What you need to know:

  • Her classic film performances include Yvette in John Singleton’s Baby Boy, Shug in Hustle and Flow, Verney in the biographical Talk to Me, Terry in No Good Deed.
  • Others are NASA mathematician Katherine Johnson in the biopic Hidden Figures, and Queenie in The Curious Case of Benjamin Button, which secured her a 2008 Oscar nomination.

Taraji Penda Henson is an Academy Award and Emmy-nominated actress, who starred as the iconic Cookie Lyon in the hit Fox television series Empire, attaining a Golden Globe Award. She is the first black actress to win the Critics’ Choice Television Award for Best Actress in a drama series.

Her classic film performances include Yvette in John Singleton’s Baby Boy, Shug in Hustle and Flow, Verney in the biographical Talk to Me, Terry in No Good Deed, NASA mathematician Katherine Johnson in the biopic Hidden Figures, and Queenie in The Curious Case of Benjamin Button, which secured her a 2008 Oscar nomination.
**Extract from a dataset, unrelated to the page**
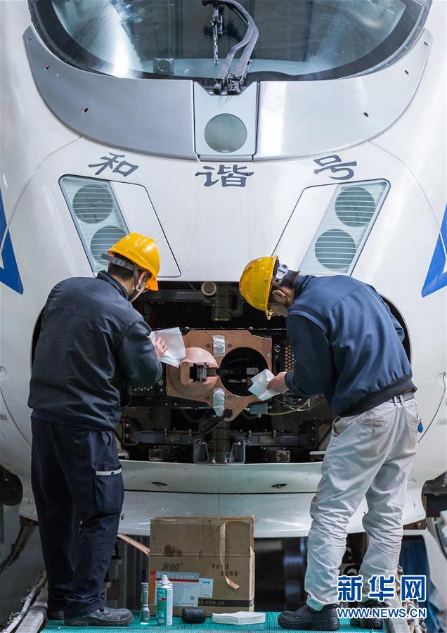 1月16日,西安动车段职工对动车车头连接装置进行检修。 当日,中国铁路西安局集团有限公司西安动车段对配属的132组动车进行全面“体检”,以迎接即将到来的2019年春运。 新华社发(王曙天 摄)

In May 7, 1995, as a 26-year-old single mother, Taraji collected her Bachelor of Fine Art at Howard University School of the Arts, in Washington DC, with her infant baby Marcell, in her arms.

Around the Way Girl is a compelling consternation of honest accounts of Taraji’s relentless passion for stagecraft. From the nefarious southeast Washington DC streets, where she witnessed her mother sustain a vicious assault and endure a robbery twice, to the campus life of the all-black Howard University, then to the burdensome existence as a black woman in Hollywood, California.

She was born and raised by her single mother, Bernice Gordon, in the crack cocaine-infested, crime-plagued boondocks of southeast DC. Taraji juggled working her evenings as a singing and dancing waitress, in a cruise ship, to pay her university fees while pregnant as a junior student.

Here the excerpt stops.